Only an exact copy is wanted: the lines from the one holding "RVS Sleutelhanger - 'St.Christopher'" through the last line below, minus the pictures.

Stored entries
_ _ _ _

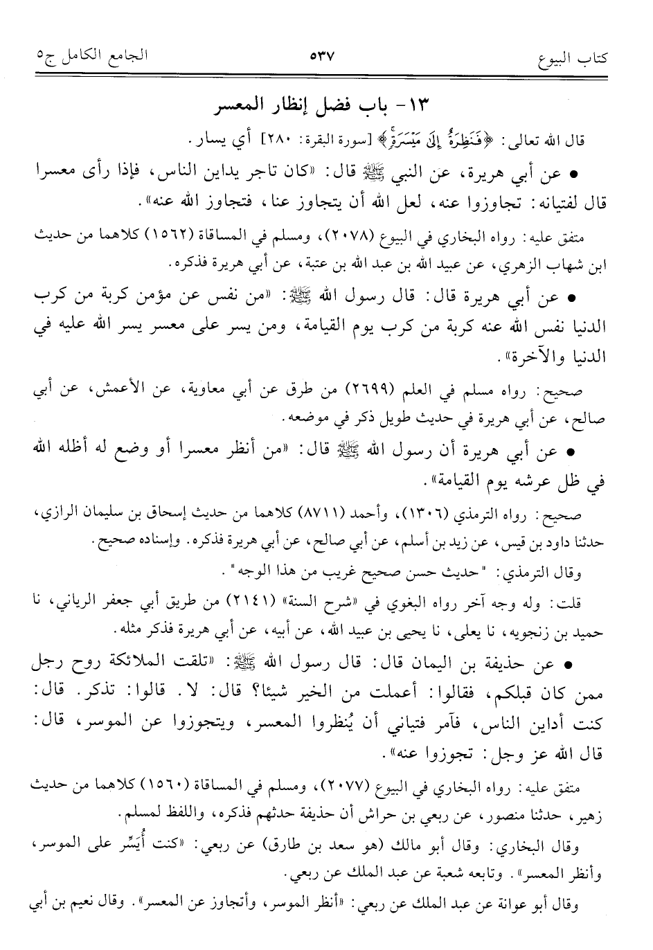 كتاب الجامع الكامل في الحديث الصحيح الشامل المرتب على أبواب الفقه (اسم الجزء: 5)
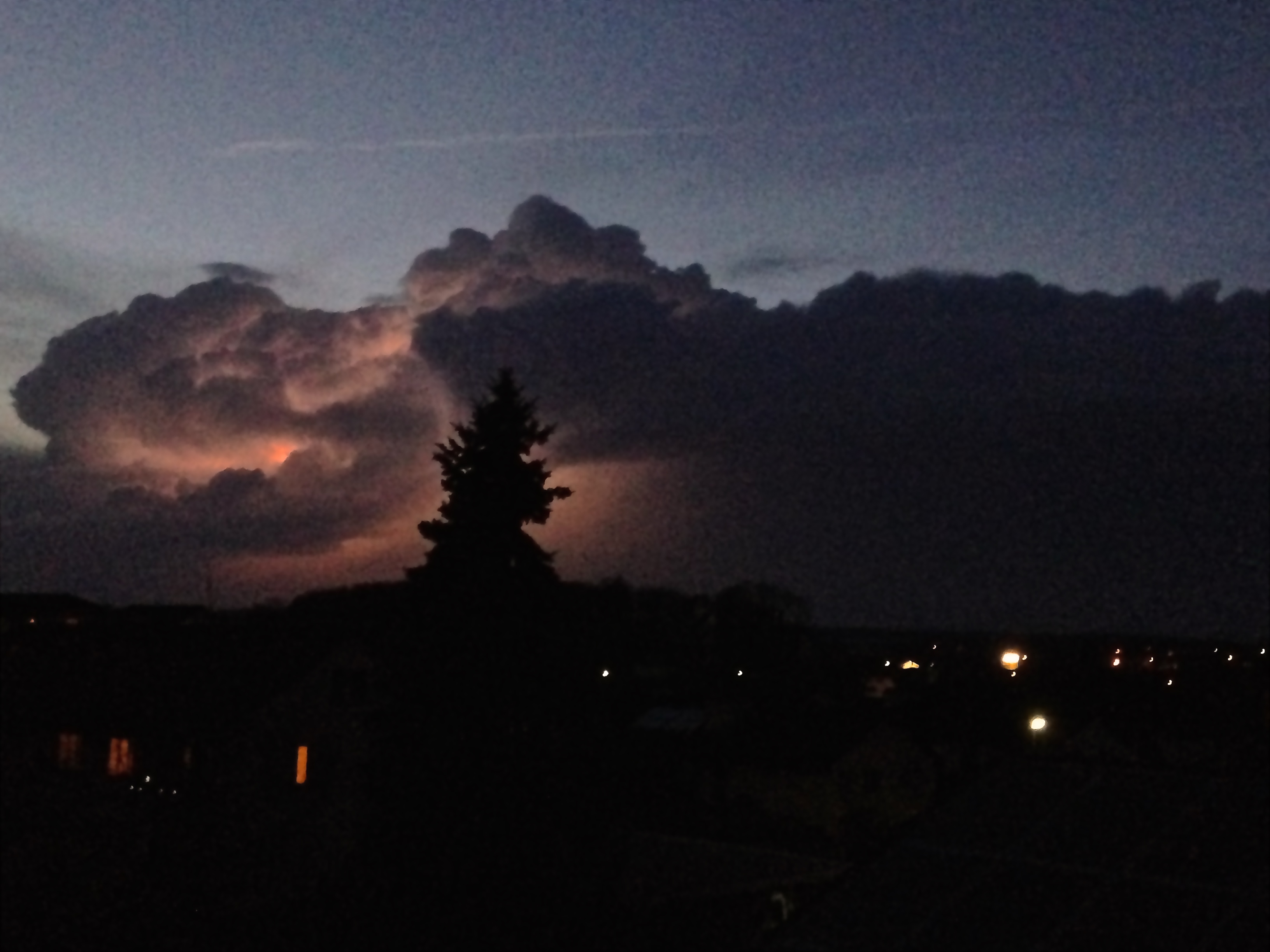 Meine Frau und ich sassen gemütlich auf der Terrasse und staunten ob der konvektiven Entwicklungen kurz vor Sonnenuntergang, und ob der etwas kuriosen Windverhältnisse und entsprechend ungewohnter Wolkenformationen, als der erste Blitz sich bemerkbar machte. Und der zweite folgte sogleich, und der dritte auch und und und ... in dem Moment war ich eigentlich schon glücklich, doch dann ging's erst richtig zur Sache :shock:
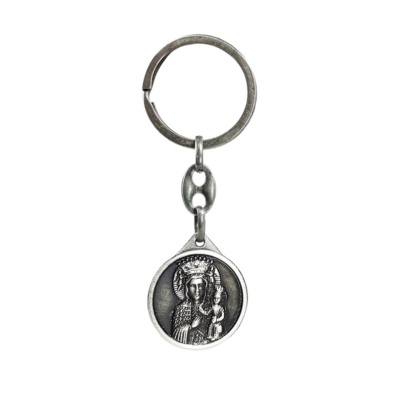 RVS Sleutelhanger - 'St.Christopher' & 'Madonna of Częstochowa' (Zilverkleurig)
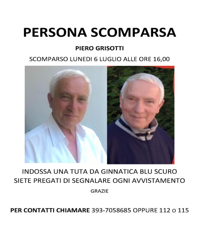 Si tratta di Piero Grisotti, pensionato e poeta per passione. Si è allontanato lunedì 6 luglio dalla casa di Varese Ligure. Soffre di disturbi di memoria. Il caso segnalato anche da "Chi l'ha visto". Il figlio pensa che il padre cerchi di tornare a casa a Saluzzo, suo riferimento mentale
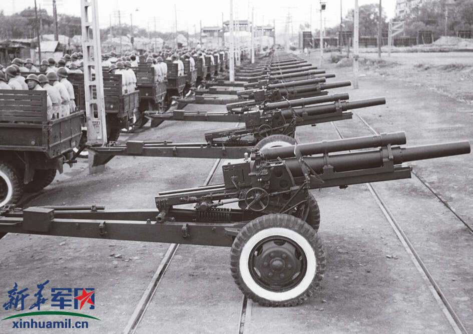 参加检阅的美国造M2A1式105毫米榴弹炮。美国1940年开始生产,是美军参加第二次世界大战的主要装备之一,解放战争中缴获。

_ _ _ _

OUTPUT FOR THIS TASK
 RVS Sleutelhanger - 'St.Christopher' & 'Madonna of Częstochowa' (Zilverkleurig)
 Si tratta di Piero Grisotti, pensionato e poeta per passione. Si è allontanato lunedì 6 luglio dalla casa di Varese Ligure. Soffre di disturbi di memoria. Il caso segnalato anche da "Chi l'ha visto". Il figlio pensa che il padre cerchi di tornare a casa a Saluzzo, suo riferimento mentale
 参加检阅的美国造M2A1式105毫米榴弹炮。美国1940年开始生产,是美军参加第二次世界大战的主要装备之一,解放战争中缴获。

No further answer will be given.